In an extreme emergency, all bets are off, but otherwise statutory (“published” as in raw by 1.67) landing field length is the minimum.

Where Airbus and Boeing now publish all sorts of very helpful advisory information, which is a good guide to what the aircraft will actually achieve, in practice,(which hi-speed can I make) based on autobrake settings and use of reverse, for example, plus assumptions about real runway friction condition (and what other variables you might throw in) you will often see the result “factored” by 15%. That’s fine, as long as you understand that the resultant actual runway length available cannot be less than the statutory requirement.

These “recent” developments actually have a long history, going back to the BCARs and the UK ARB of the 1960s. The then UK flight test model sought to allow for the real world of line pilots flying line aeroplanes in line conditions.
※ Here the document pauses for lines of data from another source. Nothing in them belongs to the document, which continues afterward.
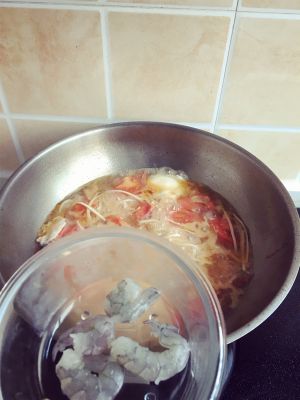 最后倒入虾,因为虾容易熟,否则虾煮老了就不好吃啦
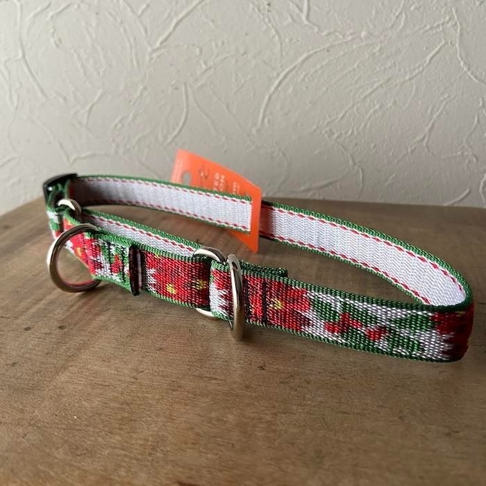 > ハーフチョークカラー・Mサイズ・18mm幅ポインセチア柄34-50cm LUPINEルパイン アメリカ製 軽量 丈夫 中型犬 Poinsettia
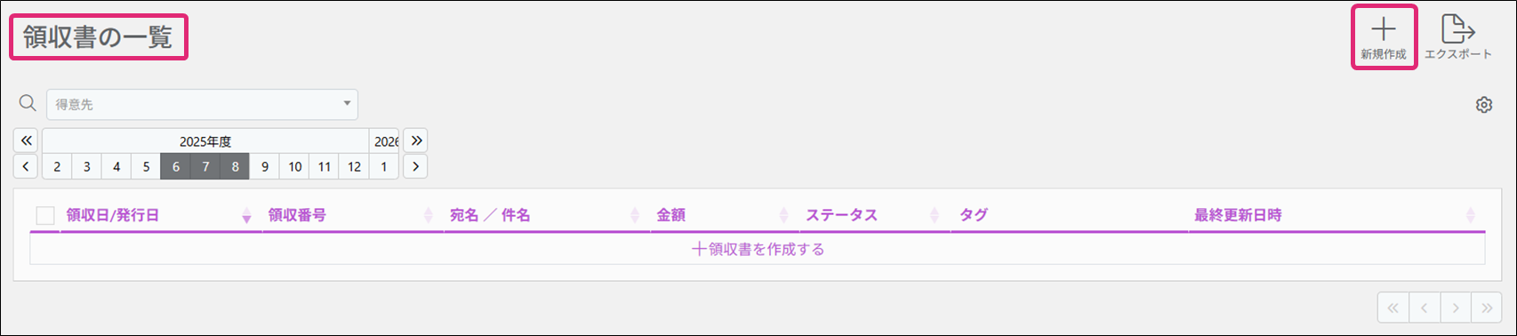 2. [領収書の一覧]画面が表示されます。画面右上の[新規作成]をクリックします。
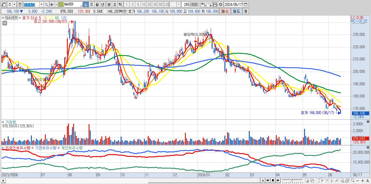 - NAVER (166,100원 ▼ -2.24% , 시총: 269,761억, 거래량: 876,593, 거래대금:1,462억)
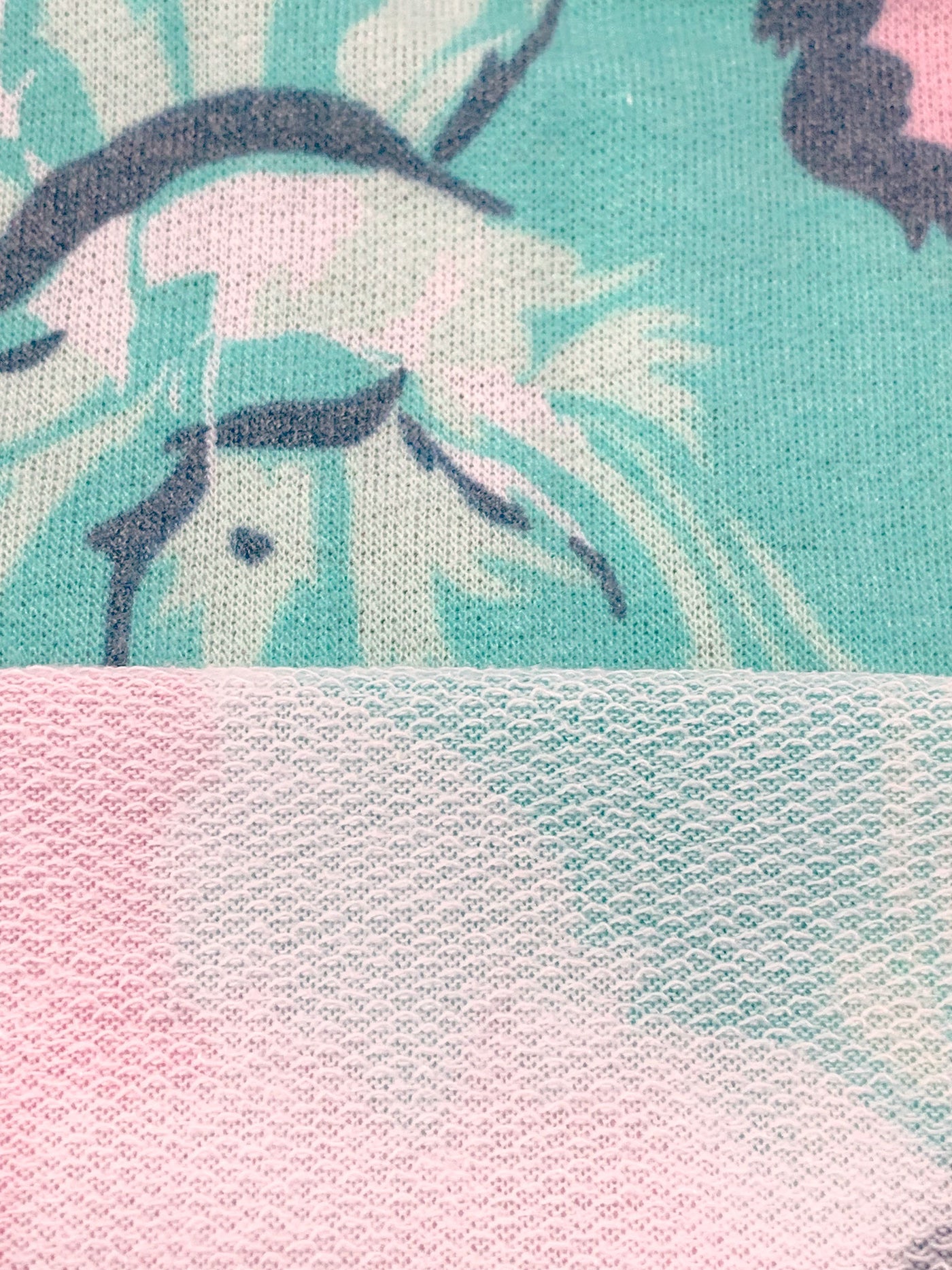 Pale Pink/Sea Green/Off-White/Multi Polyester/Rayon/Lycra Large Floral Print French Terry Knit - 58W

The flight test guide required testing at a variety of Vref ++ over the 50’ fence, a variety of threshold crossing heights, and a variety of flare and landing techniques. The resulting landing field lengths were factored by “only” 15%.

In practice, the BCAR results (raw/demonstrated +15%) were almost the same as the FAA Flight Test Guide figures, and the FAA method of obtaining raw figures was more straightforward and more repeatable, if more brutal. I don’t know, but I have always assumed that JAA went along with the FAA. At the time, I was a little surprised when such practicality overrode the usual trans-Atlantic politics of differences for difference sake. This from an old mate of mine who, after the USAF, spent many years with McDonnell Douglas Flight Test at Longbeach, involved in both DC-10 and MD-11 certification in both US and in Europe.

This is a very long post, I hope some of you will read this far, this is a subject on which all pilots should be very clear.

Please understand that statutory landing filed lengths are the minimum, advisory information, including performance estimates in non-normal configurations, is very helpful, but except in an extreme emergency, you must meet the statutory requirement as a minimum.

You may, indeed, need much more, that is the role of the advisory material, but not less. The A-380, QF 32, at YSSS is a good example.

Tootle pip!!

Last edited by LeadSled; 7th Jan 2016 at 08:16.